- [Data extract]
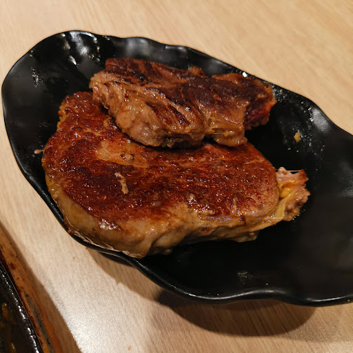 我對大眾式牛排向來沒有什麼期待,就是吃個粗飽,沾沾牛味。我那天真的老婆不聽店員7分熟的建議,堅持要5分熟,果然,我的厚切沙朗上來真的太生軟了,因為台式牛排店薄利多銷,肉品級數不高,多選較柴的部位,所以會先肉質軟化處理,煎熟一些反而好吃,幸好店員非常周到,立刻送回廚房重煎,哇!表層 "恰恰的"...
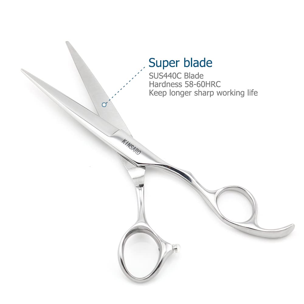 - Brand introduction: KINSARO-Only design,produce and sell professional hair scissors with high cost performance more than 10 years.All of the KINSARO hair scissors can be used at barbers,hair salon or hair studio.All KINSARO hair scissors blade hardness are more than 58HRC.Hardness 58HRC is one requirement of professional level hair scissors.Click 'Visit the KINSARO Store' above the title,you will find many styles KINSARO hair scissors.KINSARO hair scissors,because focus so professional.
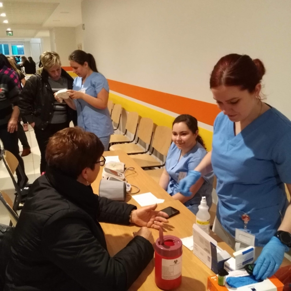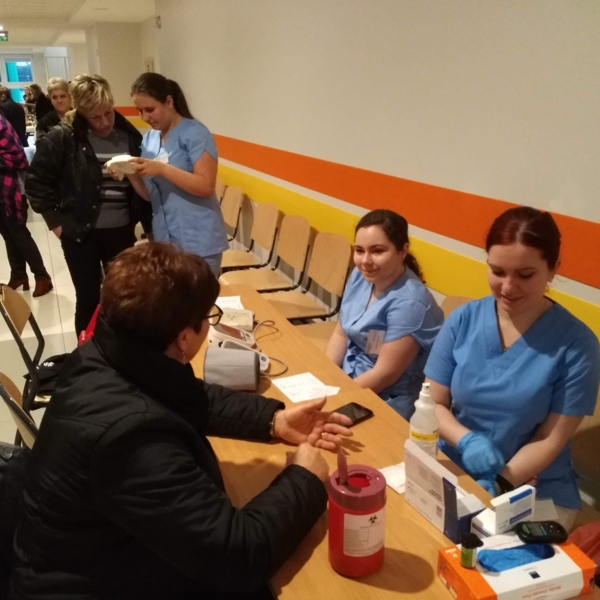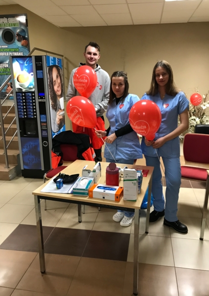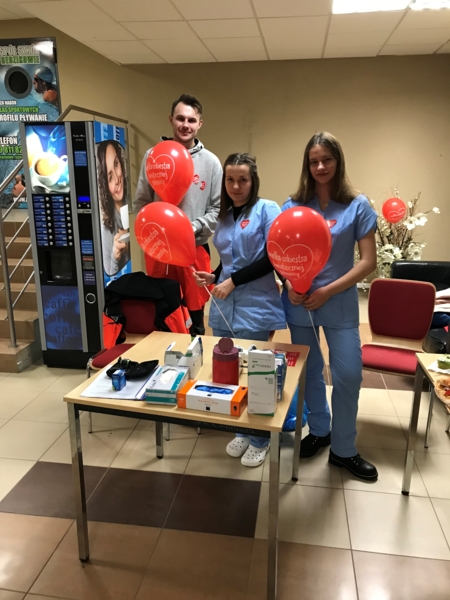 12 stycznia 2020 roku w Parku Wodnym Redzikowo oraz w Zespole Szkolno-Przedszkolnym im. Czesława Miłosza w Siemianicach podczas 28. Finału Wielkiej Orkiestry Świątecznej Pomocy studenci 1 i 3 roku Katedry Pielęgniarstwa oraz Ratownictwa Medycznego wzięli udział w zorganizowaniu stoiska pielęgniarskiego. Fundację wspieraliśmy świadcząc usługi pielęgniarskie w zakresie bezpłatnego mierzenia ciśnienia tętniczego oraz badania poziomu cukru, a także edukacji zdrowotnej.

- [Task requirements]
Reproduce the data above in full, exactly as it is, with the pictures left out.

- [Your response]
 我對大眾式牛排向來沒有什麼期待,就是吃個粗飽,沾沾牛味。我那天真的老婆不聽店員7分熟的建議,堅持要5分熟,果然,我的厚切沙朗上來真的太生軟了,因為台式牛排店薄利多銷,肉品級數不高,多選較柴的部位,所以會先肉質軟化處理,煎熟一些反而好吃,幸好店員非常周到,立刻送回廚房重煎,哇!表層 "恰恰的"...
 - Brand introduction: KINSARO-Only design,produce and sell professional hair scissors with high cost performance more than 10 years.All of the KINSARO hair scissors can be used at barbers,hair salon or hair studio.All KINSARO hair scissors blade hardness are more than 58HRC.Hardness 58HRC is one requirement of professional level hair scissors.Click 'Visit the KINSARO Store' above the title,you will find many styles KINSARO hair scissors.KINSARO hair scissors,because focus so professional.
 12 stycznia 2020 roku w Parku Wodnym Redzikowo oraz w Zespole Szkolno-Przedszkolnym im. Czesława Miłosza w Siemianicach podczas 28. Finału Wielkiej Orkiestry Świątecznej Pomocy studenci 1 i 3 roku Katedry Pielęgniarstwa oraz Ratownictwa Medycznego wzięli udział w zorganizowaniu stoiska pielęgniarskiego. Fundację wspieraliśmy świadcząc usługi pielęgniarskie w zakresie bezpłatnego mierzenia ciśnienia tętniczego oraz badania poziomu cukru, a także edukacji zdrowotnej.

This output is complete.